[EXTRACTED ENTRIES]
○ ○ ○ ○ ○

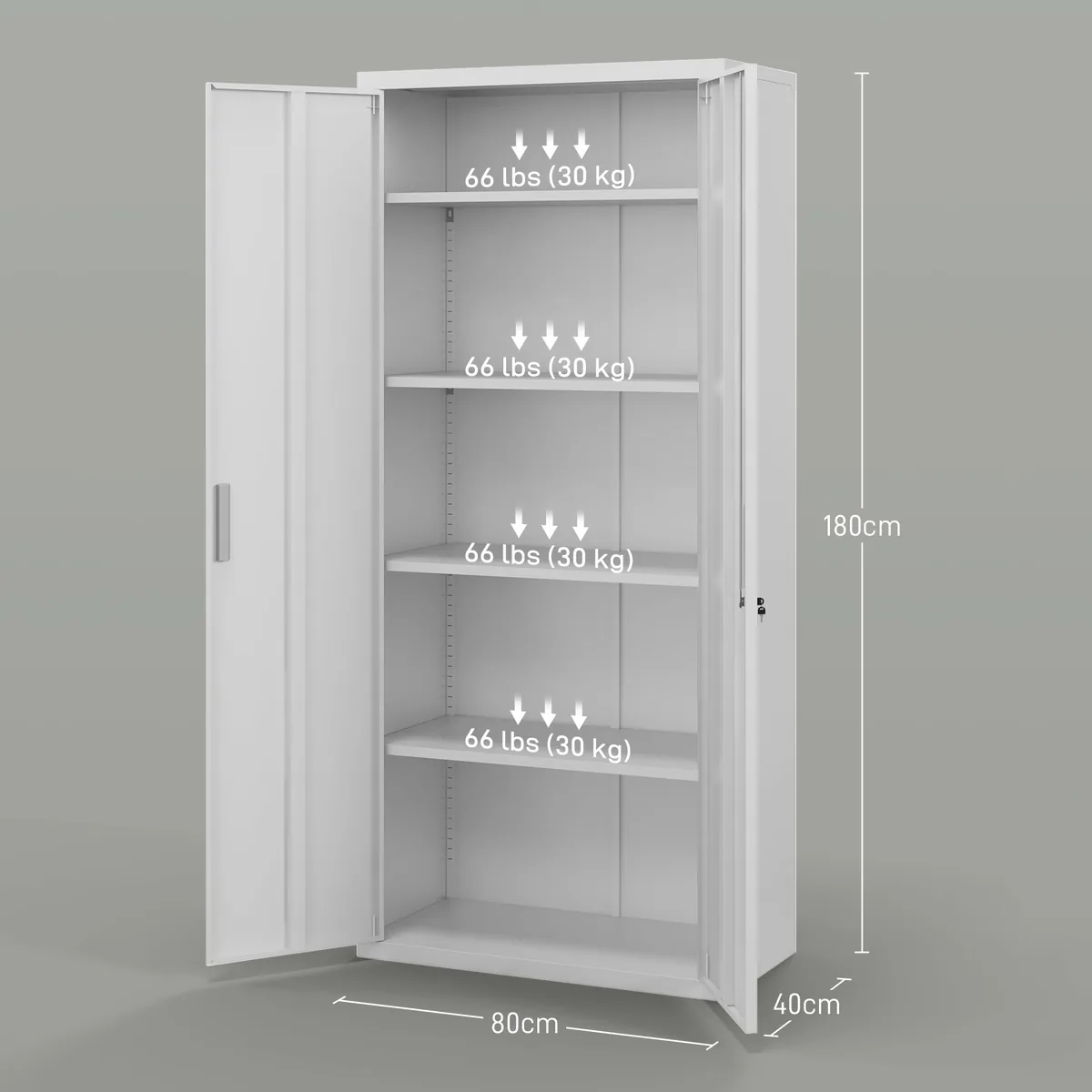 Kiekvienai darbo vietai reikia saugios vietos dokumentams laikyti. Naudodami HOMCOM dokumentų spintelę galite pasitikėti dydžiu stilingai. Aukštoje metalinėje spintelėje yra penkios vidinės lentynos, iš kurių keturios reguliuojamos, kad tilptų tiek smulkūs, tiek dideli daiktai. Dvi rakinamos durys garantuoja saugumą. Dėl milteliniu būdu dengto plieno konstrukcijos ši biuro spintelė yra ypač tvirta ir patvari.
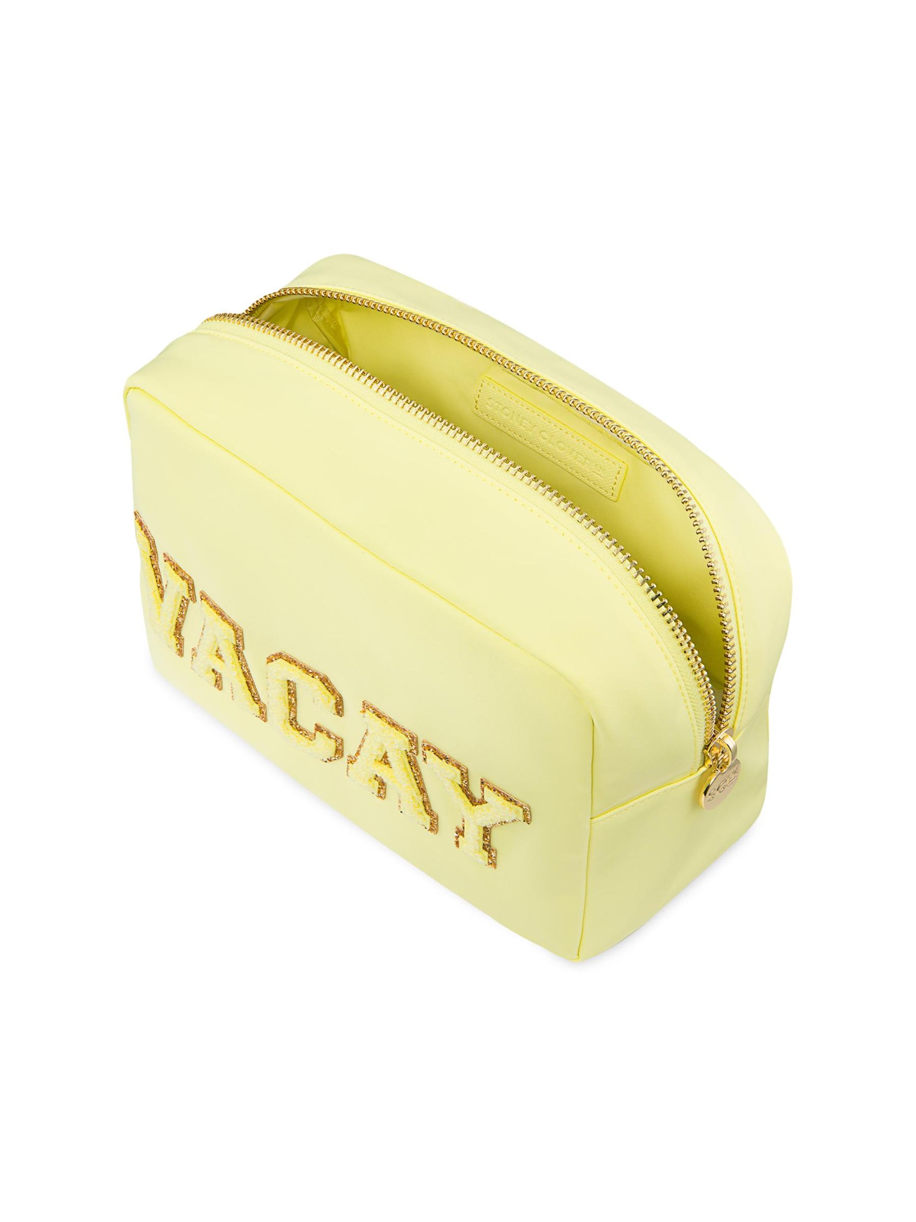 تم الانتهاء من حقيبة Vacay من Stoney Clover Lane بأحرف كبيرة على جانب واحد وسحّاب في الجزء العلوي.
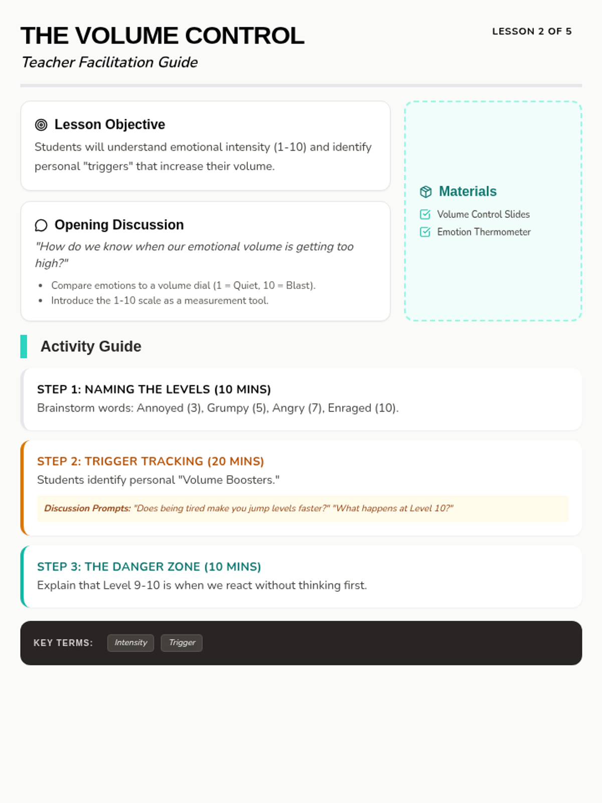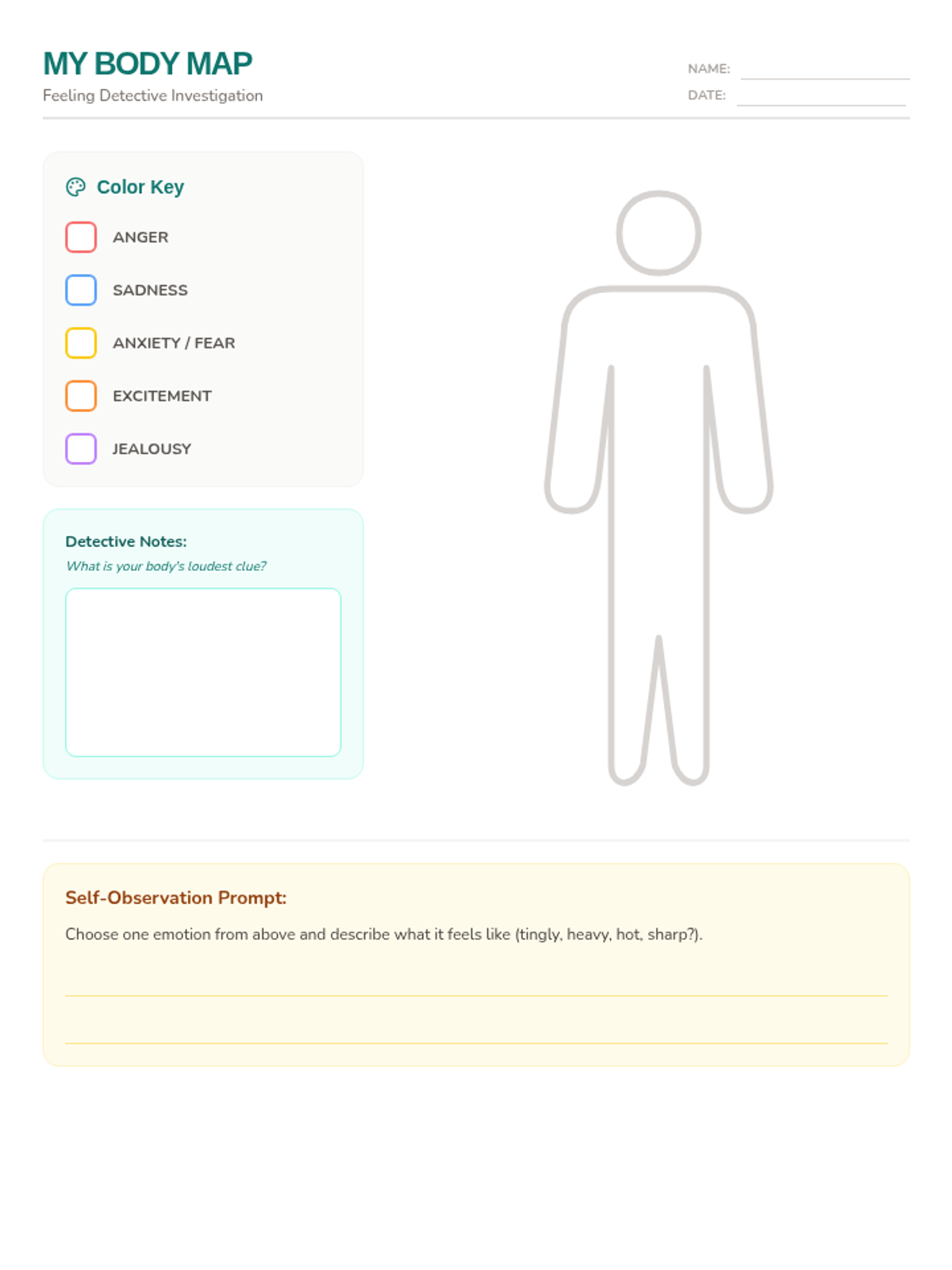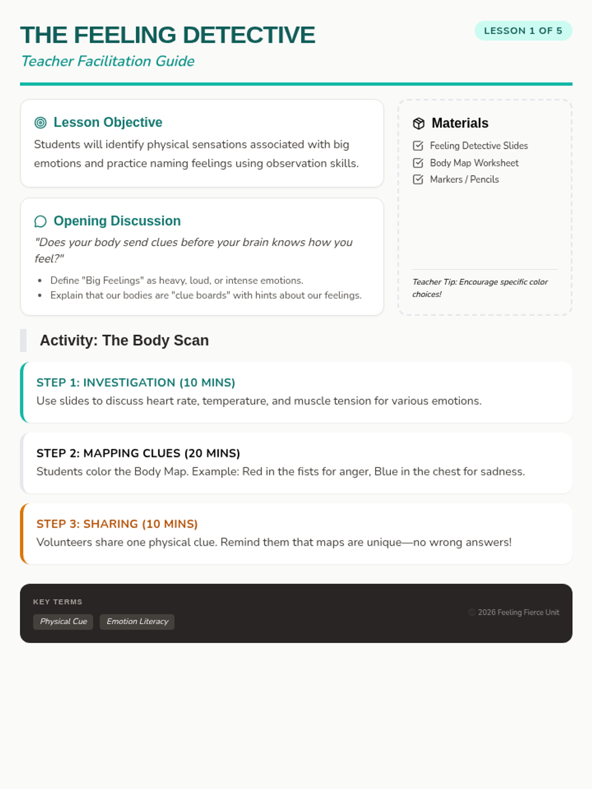 Students learn to identify where emotions live in their bodies and name 'big feelings' accurately.
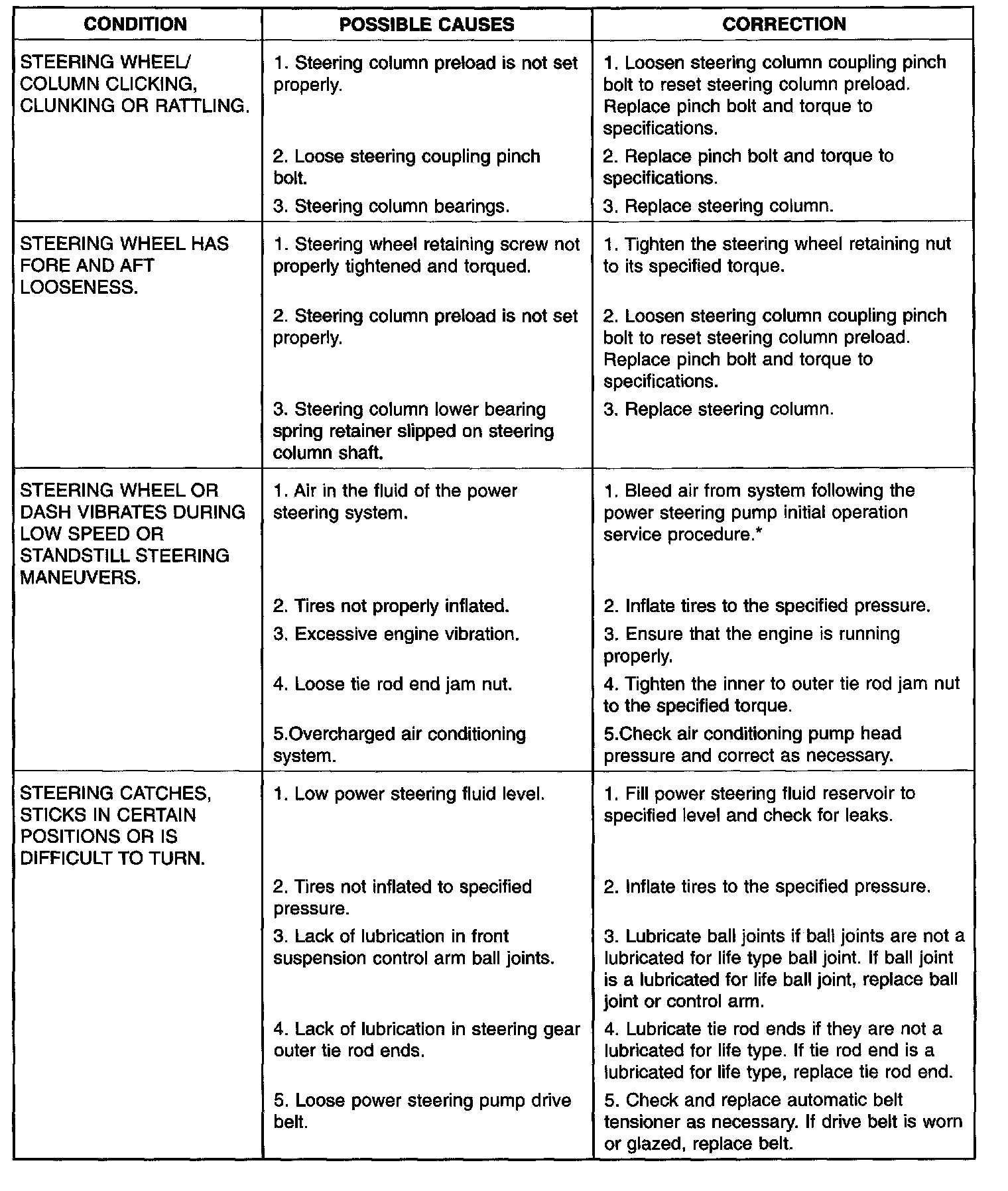 NOTE: * Steering shudder can be expected in new vehicles and vehicles with recent steering system repairs. Shudder should dissipate after the vehicle has been driven several weeks.
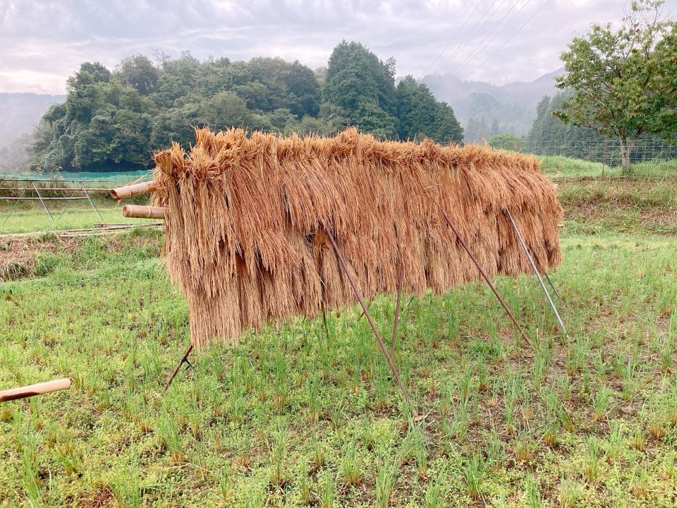 前日に雨が降ったため、干していた稲はやや湿っていましたが、また雨が降りそうな気配。
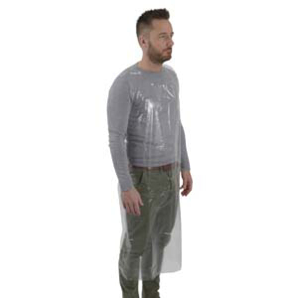 Kertakäyttöinen muoviesiliina, jossa niskalenkki ja taakse solmittavat vyötärönauhat. Pakattu pahviseen rasiaan, joka mahtuu esim. käsinerasioille tarkoitettuun telineeseen.
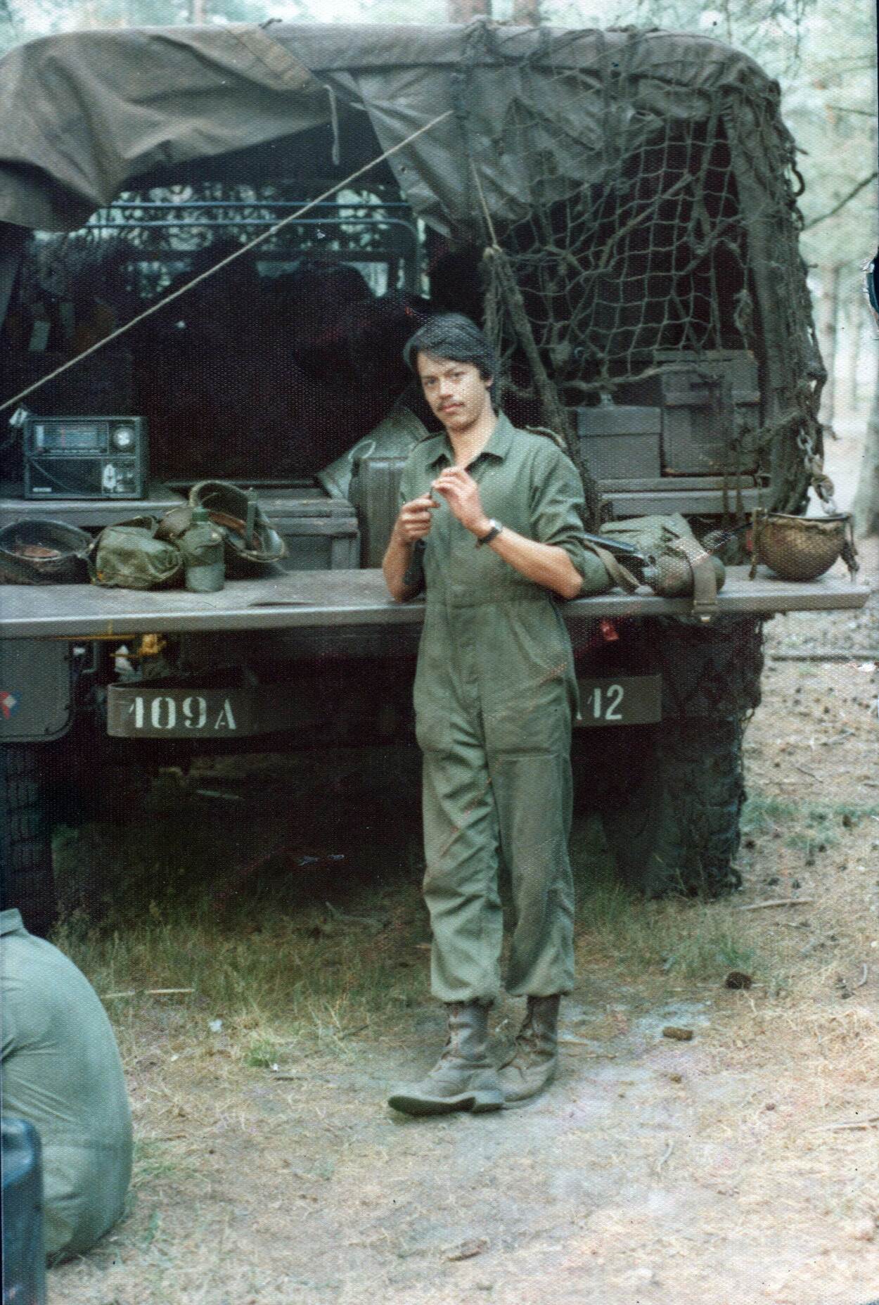 De vader van Jeffrey Middel was KNIL-militair geweest en ook Jeffrey koos voor het krijgsvak. Na de Koninklijke Militaire School, een artillerie-opleiding en een ‘cursus wachtmeester opzichter ballistische raket’ kwam hij in maart 1975 terecht bij de 109e Afdeling Veldartillerie. Als beroeps had hij een aantal dienstplichtigen onder zich en hij zag het als een sport om van al die verschillende karakters een goed samenwerkende eenheid te smeden. En ook de afstand tussen de rangen wilde hij verkleinen. “Mijn chauffeur-lanceerinrichting was mijn maatje. Korporaals, TS’ers, onderofficieren en officieren wilde ik bij elkaar hebben. We moesten het samen doen.” Dat lukte Middel door een saamhorigheidsmoment tijdens een lange drieweekse oefening in Duitsland te organiseren. “Ik trommelde een paar collega’s op en samen hebben we rijsttafel geserveerd. Samen koken, dat gaf de verandering. Want ik vond dat de kanonnier, als ik iets fout deed, zou durven zeggen: ‘Wachtmeester, dat gaat niet goed’.”
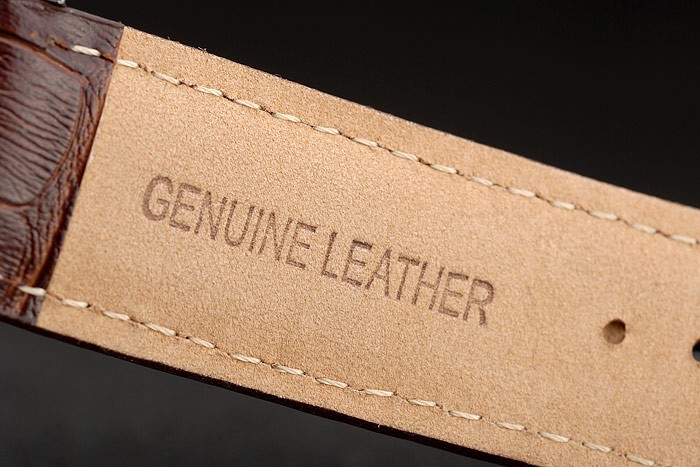 Bracelet de acero inoxidable: correa de piel de cocodrilo marrón MontBlanc calor en relieve con el logo MontBlanc inscrito y el gancho oculto de acero inoxidable pulido clasp

○ ○ ○ ○ ○

[ACTIVITY]
Every line of the data above should be quoted exactly. Omit the pictures.

[REPLY TO THE TASK]
 Kiekvienai darbo vietai reikia saugios vietos dokumentams laikyti. Naudodami HOMCOM dokumentų spintelę galite pasitikėti dydžiu stilingai. Aukštoje metalinėje spintelėje yra penkios vidinės lentynos, iš kurių keturios reguliuojamos, kad tilptų tiek smulkūs, tiek dideli daiktai. Dvi rakinamos durys garantuoja saugumą. Dėl milteliniu būdu dengto plieno konstrukcijos ši biuro spintelė yra ypač tvirta ir patvari.
 تم الانتهاء من حقيبة Vacay من Stoney Clover Lane بأحرف كبيرة على جانب واحد وسحّاب في الجزء العلوي.
 Students learn to identify where emotions live in their bodies and name 'big feelings' accurately.
 NOTE: * Steering shudder can be expected in new vehicles and vehicles with recent steering system repairs. Shudder should dissipate after the vehicle has been driven several weeks.
 前日に雨が降ったため、干していた稲はやや湿っていましたが、また雨が降りそうな気配。
 Kertakäyttöinen muoviesiliina, jossa niskalenkki ja taakse solmittavat vyötärönauhat. Pakattu pahviseen rasiaan, joka mahtuu esim. käsinerasioille tarkoitettuun telineeseen.
 De vader van Jeffrey Middel was KNIL-militair geweest en ook Jeffrey koos voor het krijgsvak. Na de Koninklijke Militaire School, een artillerie-opleiding en een ‘cursus wachtmeester opzichter ballistische raket’ kwam hij in maart 1975 terecht bij de 109e Afdeling Veldartillerie. Als beroeps had hij een aantal dienstplichtigen onder zich en hij zag het als een sport om van al die verschillende karakters een goed samenwerkende eenheid te smeden. En ook de afstand tussen de rangen wilde hij verkleinen. “Mijn chauffeur-lanceerinrichting was mijn maatje. Korporaals, TS’ers, onderofficieren en officieren wilde ik bij elkaar hebben. We moesten het samen doen.” Dat lukte Middel door een saamhorigheidsmoment tijdens een lange drieweekse oefening in Duitsland te organiseren. “Ik trommelde een paar collega’s op en samen hebben we rijsttafel geserveerd. Samen koken, dat gaf de verandering. Want ik vond dat de kanonnier, als ik iets fout deed, zou durven zeggen: ‘Wachtmeester, dat gaat niet goed’.”
 Bracelet de acero inoxidable: correa de piel de cocodrilo marrón MontBlanc calor en relieve con el logo MontBlanc inscrito y el gancho oculto de acero inoxidable pulido clasp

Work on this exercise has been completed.